Gross espera demonstrar como é fácil para qualquer um programar os robôs. Arrastando e deixando cair figuras de objetos em uma simples tela de interface que serve como um portal para a mente do robô, os indivíduos poderão escrever os seus comandos. "O ponto forte deste sistema não é o fato de o robô poder descobrir o que é uma estante", diz Gross, "mas que o robô possa reagir a esses objetos da forma que foi definida pelo usuário".

De fato, Gross enfatiza que os seus robôs serão autônomos: eles são capazes de analisar uma situação e descobrir o que fazer -ou, em outras palavras, pensar. "Uma das coisas mais importantes envolvidas nesse projeto é a diferença entre controle remoto e autonomia", explica. "O controle remoto na verdade não passa de um ser humano com alguns controles".

Norman acrescenta que as emoções vão se transformar em um importante mecanismo de sobrevivência para os robôs, assim como são para as pessoas. "Nada é capaz de tornar esse robô mais feliz do que receber a ordem de buscar uma Coca-Cola para o seu dono e ver um caminho desimpedido pela frente. Mas se ele começar a perceber objetos pelo trajeto, o robô ficará um pouco aborrecido. E se as luzes se acenderem, ele ficará surpreso. O que um bom robô deveria fazer em tal situação seria parar, olhar em volta e tentar descobrir a causa para o que aconteceu".

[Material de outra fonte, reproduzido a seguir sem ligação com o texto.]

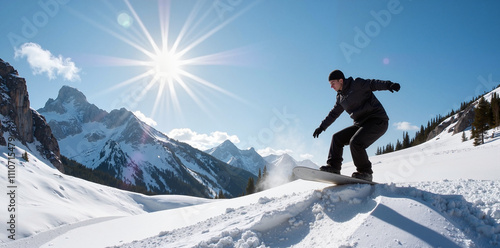 snowboarder, snowboarding, mountain, sport, sunshine, winter, action, athletic, trick, adventure, landscape, snow, high altitude, blue skies, extreme sport, male, cold weather, recreation, leisure, excitement, breathtaking, thrill, nature, adrenalin, slope, fitness, hiking, movement, training, powerful, sunny, exploration, energetic, snow-covered, powder, fresh air, fun, vibrant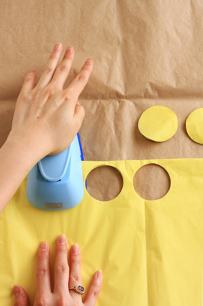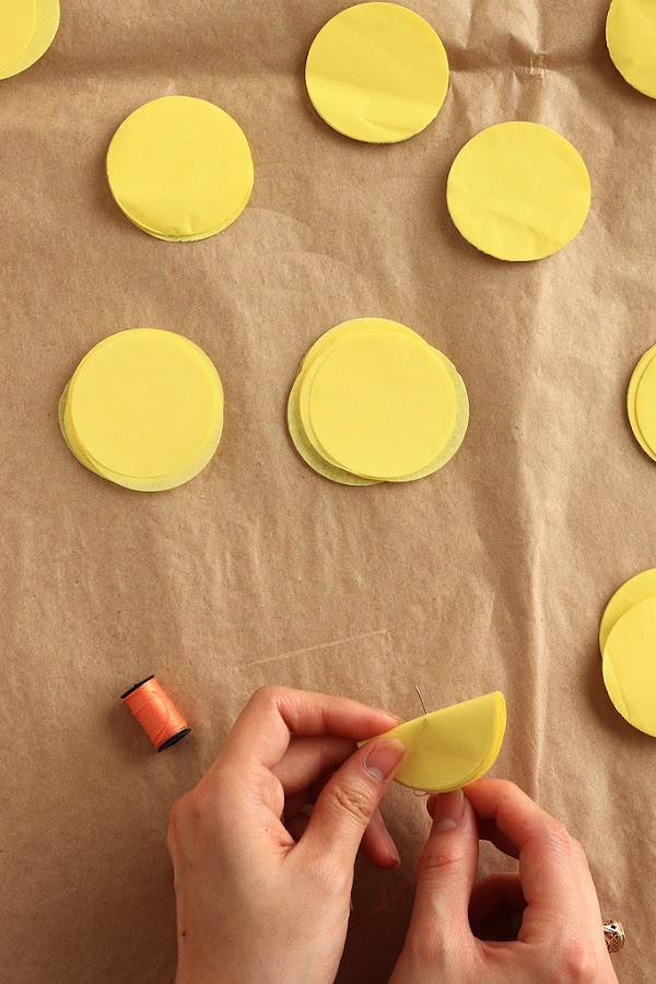 Hacemos varios círculos en el papel de seda, para que nos quede un pompón bien llenito, necesitamos 30 círculos por pompom.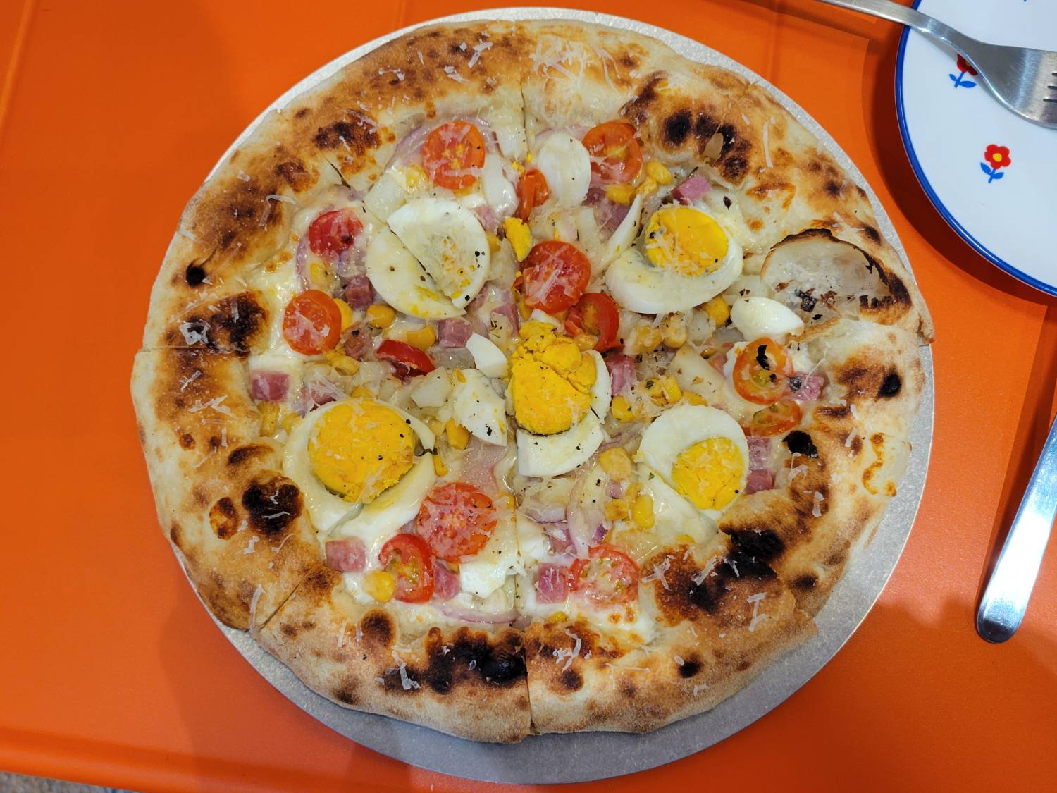 配料為馬扎瑞拉、厚切培根、馬鈴薯、水煮蛋、番茄及帕

Qualquer que seja o tipo final dos robôs, a Evolution provavelmente não os construirá. Gross organizou uma talentosa equipe de engenheiros e conselheiros, recrutados em universidades e empresas. Mas são as empresas externas e os laboratórios que provavelmente vão criar os robôs - a Evolution vende kits de programação (incluindo componentes de hardware) aos projetistas por um preço que varia entre US$ 1.500 (R$ 3.680) e US$ 5.000 (R$ 12.300).

"O ponto mais importante da visão de Bill é que o seu projeto consiste em uma plataforma aberta", afirma Norman. "E se deixarmos que milhares de pessoas em todo o mundo usem o kit, elas vão inventar coisas surpreendentes".

De sua parte, o produtor da Demo, Jim Forbes, acha que os robôs vão ter um desempenho extraordinário nas áreas de segurança, agricultura, fábricas e outras tarefas mundanas. "Não vejo necessariamente esses robôs como serviçais domésticos", diz ele. "Não gostaria que os meus netos acordassem, quando bebês, e a primeira coisa que vissem fosse alguma espécie de robô mecânico. Não posso suportar esse tipo de carga psicológica".

O presidente do Idealab pode ser mais passional sobre robôs do que foi com relação a qualquer um dos seus negócios anteriores. Mas o que poderia desanimá-lo? "Creio que o maior risco é a expectativa", diz ele. "Se todos quiserem comprar amanhã um C3-P0 por US$ 1.000 (R$ 2.459), não seremos capazes de atender à essa expectativa".

Mas Gross acredita que as pessoas entendem que concretizar esse tipo de visão leva tempo. Quer a sua idéia dê certo ou não, Gross está convencido de que um futuro robótico é inevitável: "Não há nada mais grandioso do que isso".